Monika: Today I have invited a special guest. Erika Dapkewicz is an inspirational woman. She is an American film editor, writer, musician, and composer, known for Vivo (2021), Lilo and Stitch (2002), and Puss in Boots (2011). In addition, her YouTube vlog Miss Mako attracted 150 thousand subscribers. Hello Erika! Thank you for accepting my invitation!
Erika: Thank you Monika for reaching out and asking me to be a part of your blog.
Monika: Could you say a few words about yourself?
Erika: Oh gosh… let’s see… I currently live in Los Angeles. I am a Transgender Woman and started my physical transition back in 2014. I have two kids. Both are in their early 20’s and live outside California. I live with my Cis-Girlfriend. I am a Professional Film Editor. Composer. Musician. Writer. Indie Director.
I have a band called, “Imaginarius”. And I also have a YouTube Channel listed under my internet handle, “Miss Mako”. I’m a member of the Academy Of Arts And Sciences (Academy Awards - Oscars) and I serve on the Animation Executive Committee. I am a member of ACE (American Cinema Editors). As well as ASCAP (American Society of Composers, Authors, and Publishers).
Monika: Your YouTube vlog attracted almost 150 thousand subscribers. What inspired you to create the Miss Mako persona?
Erika: Oh, that’s a story from a long long time ago. When I was little and suffering from gender dysphoria… I was transfixed by fantasy stories of men transforming into women.I used to write stories and draw comics of this when I was a little kid and kept doing it when I became a teenager. It was when the internet came around in the mid-1990s that I found a website called The Transformation Graphics & Story Archive. It was the first time I found similar people like myself doing some of the same stories and art. To not use my real name at the time I picked the handle of MAKO (after my love of sharks).
Everyone had a handle then. I started to gain a bit of an underground following. I was pushing myself to do these stories in different mediums. So I started to do my own animated shorts. Comics. Live-action shorts culminating in a live-action feature called, “Paradox Alice”. I was asked to start my own YouTube Channel and I did so in 2006. I also started to do my own Vlogs and you can see me pre and post-transition on those.
Over the years… more and more people followed me. And many suffering from gender dysphoria from around the world and sharing their stories with me. I changed my handle to MISS MAKO after I transitioned. I don’t nearly post much on the channel anymore. As again… I’m trying to have a better balance of being able to enjoy life as much as I can now.

"Looking at myself in the mirror and being shocked
that there is a happy and cute girl staring back at me
is euphoric."

Monika: You are a woman of many talents but I would like to start by focusing on your main profession, which is film editing. How did you start working for the movie industry? 

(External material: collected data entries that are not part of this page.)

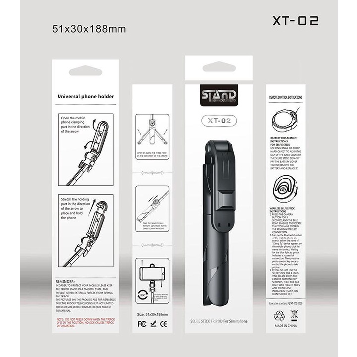 - Gậy tự sướng 3 chân Bluetooth XT02 là một sản phẩm “lai” giữa gậy tự sướng với chân chụp ảnh (tripod). Thiết kế Tripod 3 chân gọn gàng, chắc chắn, bạn không cần đến phó nháy vẫn có được 1 bức ảnh đẹp từ mọi góc độ. Với chiếc gậy tự sướng Bluetooth này, bạn thoải mái chụp cho mình những bức ảnh đẹp nhất.
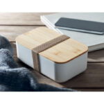Stiilne ja vastupidav roostevabast terasest lõunakarp bambusest kaanega, mahutavus 750 ml. Sobib ärikingituseks või meeneks logoga, säilitab toidu värskena ja annab naturaalse välimuse
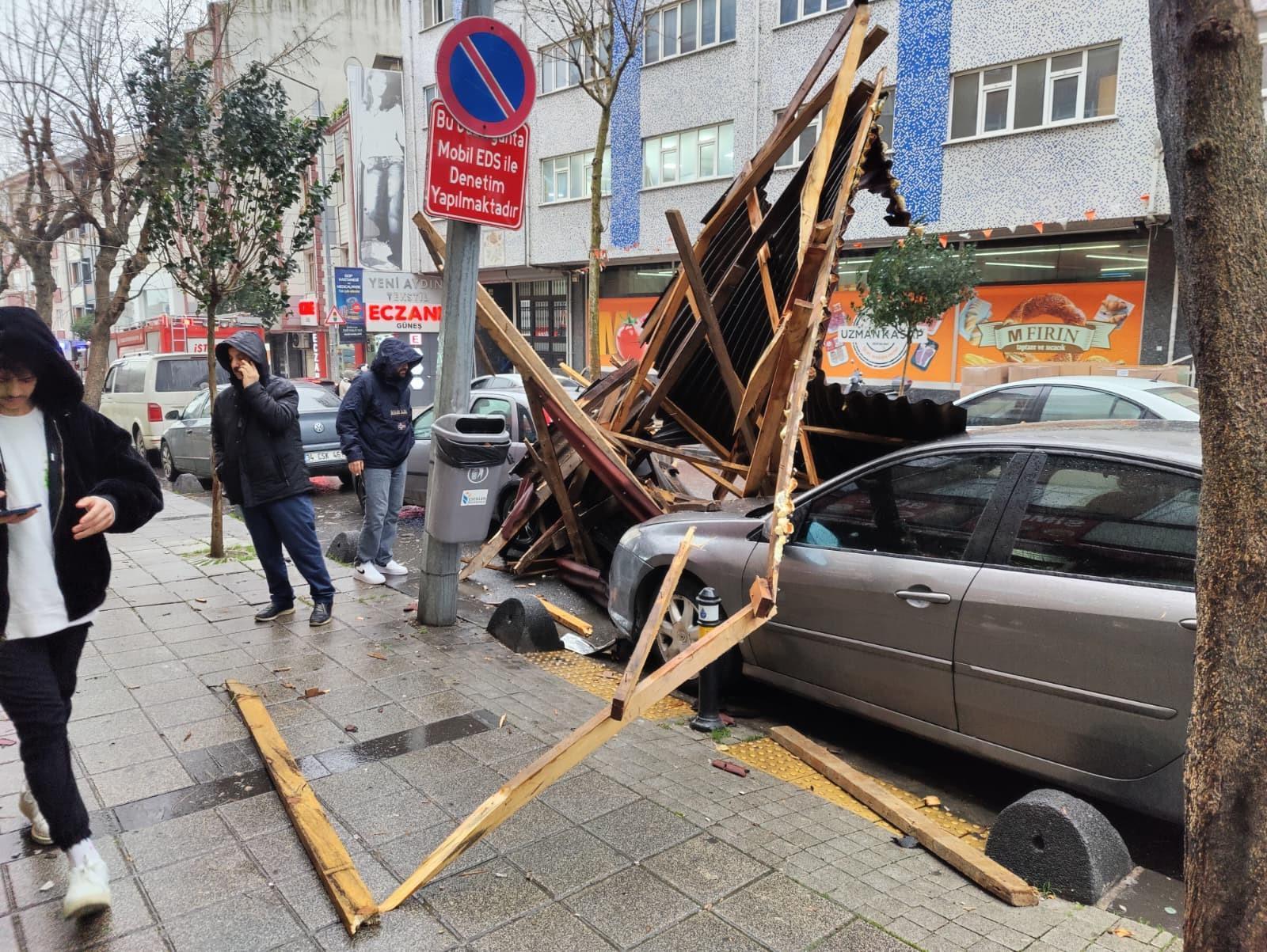 İstanbul - Esenler'de fırtınada 4 katlı binanın çatısı uçtu; 2 otomobil hasar gördü
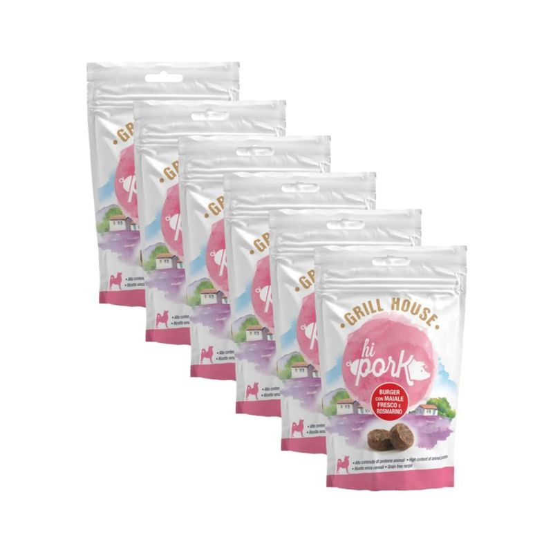 Il Kit Risparmio 6x60G Hi Pork Dog Snack Burger è un delizioso snack che contiene maiale fresco come fonte proteica di alta qualità. Questo prodotto è un delizioso fuori pasto da poter offrire al tuo amico peloso ogni qualvolta che ne ritieni necessario. Delizioso snack senza cereali, senza conservanti e coloranti artificiali, dalla forma di mini burger. Prodotti in Italia, ideali come gustosa ricompensa tra un pasto e l’altro. È lo snack ideale per soddisfare il naturale bisogno di masticazione del tuo dolce amico Fido. Questo snack è perfetto come premio o come spuntino tra un pasto e l’altro.
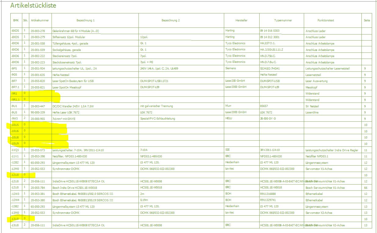 Moin  ! Ich habe eine Frage zu der Auswertung der Artikelstückliste.! Soweit funktioniert alles, jedoch habe ich hin und wieder einige "Leichen" BMKs in der Artikelstückliste (siehe Anhang). 1. Ein Problem ist, das zb. diese 10U5 - 10U9 eigentlich Grafiken sind aber trotzdem aufgeführt werden. 2. 12U0 ist einmal als Gerätekasten Allpolig vorhanden und ein Artikel ist hinterlegt. Ein zweites mal taucht dieser Artikel natürlich in dem Schaltschrankaufbau auf...deshalb werden hier im Anhang als Stückzahl 2 angezeigt..jedoch soll dieses BMK logischerweise nur einmal vorkommen. Und eine Zeile davor steht wieder 12U0 mit Stückzahl 0??!? Irgendwas mache ich da falsch Könnt ihr mir da weiterhelfen? Gruß Eine Antwort auf diesen Beitrag verfassen (mit Zitat/Zitat des Beitrags) IP |

Erika: After I graduated from Cal State Fullerton in 1993, I took some Film Editing and Cinematography courses at UCLA. I worked at a Post Production House called, “P.O.P.” in Santa Monica for a year in their tape vault and kept sending resumes out to various studios and meeting up for interviews.
I ended up being hired at Walt Disney Feature Animation after, “The Lion King” came out. They started me as a Utility Production Assistant on the film, “Pocahontas”. I worked in every department for two weeks at a time and really got a crash course on how to make an Animated Film. I helped to finish that movie and then rolled into the Editorial Department on the movie, “Mulan”. I moved to the Disney Animation Studio out in Florida to help make that movie and over the next few years quickly rose from being an Apprentice Editor to an Associate Editor on the movie, “Lilo & Stitch”.
Then I moved back to Los Angeles and left Disney to become a Lead Editor for 13+ years working on various Animated Movies at DreamWorks. Then made “Vivo” with Lin-Manuel Miranda over at Sony Pictures for close to 4 years, and today I have found myself back at Disney again working on a new Animated Film after being away for over 18 years.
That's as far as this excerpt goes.